## INFORMATION PROVIDED
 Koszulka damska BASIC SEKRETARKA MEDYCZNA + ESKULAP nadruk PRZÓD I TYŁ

--

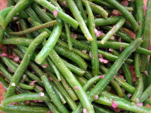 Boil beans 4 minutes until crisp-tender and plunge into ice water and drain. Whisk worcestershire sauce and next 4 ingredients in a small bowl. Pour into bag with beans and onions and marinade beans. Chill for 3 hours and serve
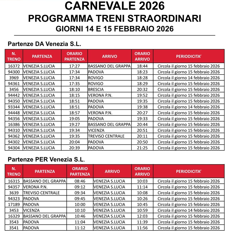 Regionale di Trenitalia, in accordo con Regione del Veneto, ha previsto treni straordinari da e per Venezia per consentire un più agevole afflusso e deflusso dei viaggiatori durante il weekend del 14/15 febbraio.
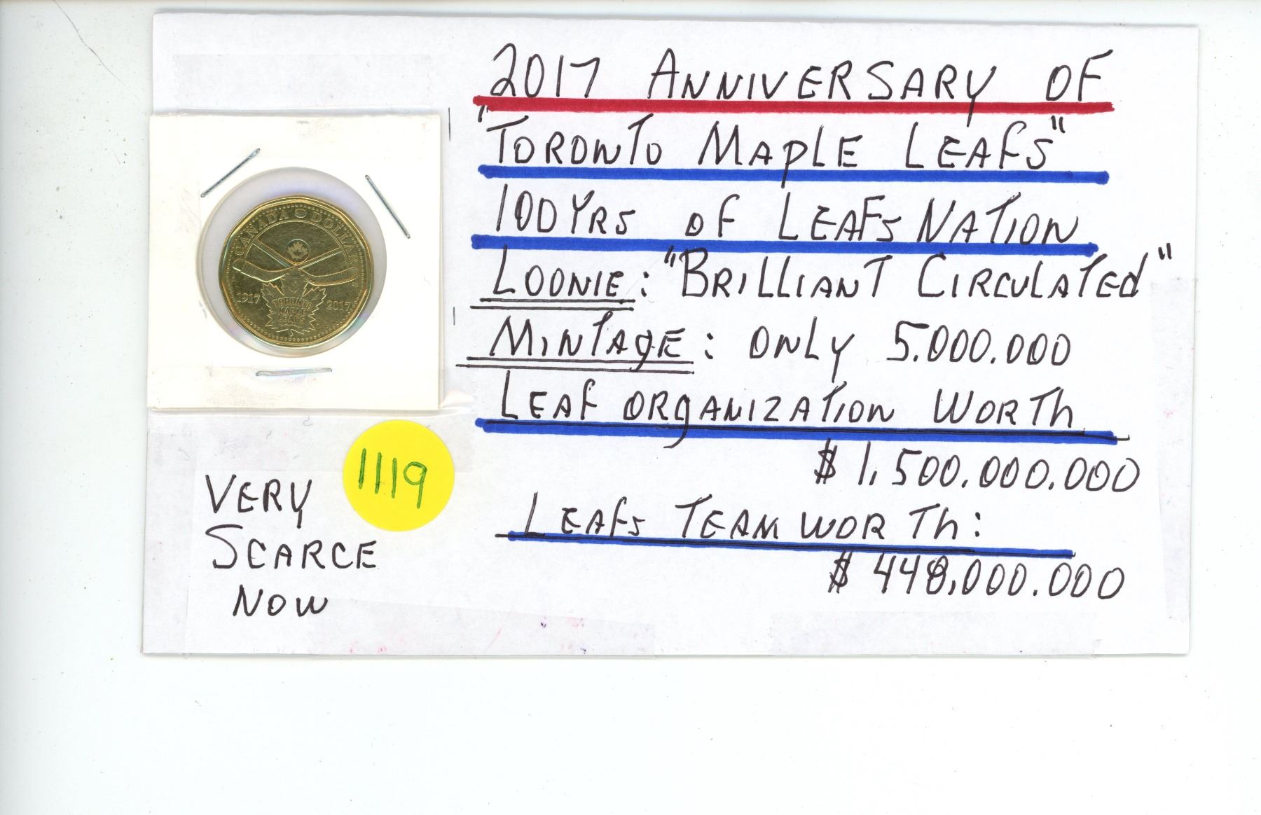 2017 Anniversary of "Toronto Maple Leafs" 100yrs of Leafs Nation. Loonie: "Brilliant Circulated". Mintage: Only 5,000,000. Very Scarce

## WHAT IS BEING ASKED
Look above for the line with "Regionale di Trenitalia, in" and the line with "2017 Anniversary of". Give again exactly those two lines and all lines between them, pictures excluded.

## OUTPUT BELOW
 Regionale di Trenitalia, in accordo con Regione del Veneto, ha previsto treni straordinari da e per Venezia per consentire un più agevole afflusso e deflusso dei viaggiatori durante il weekend del 14/15 febbraio.
 2017 Anniversary of "Toronto Maple Leafs" 100yrs of Leafs Nation. Loonie: "Brilliant Circulated". Mintage: Only 5,000,000. Very Scarce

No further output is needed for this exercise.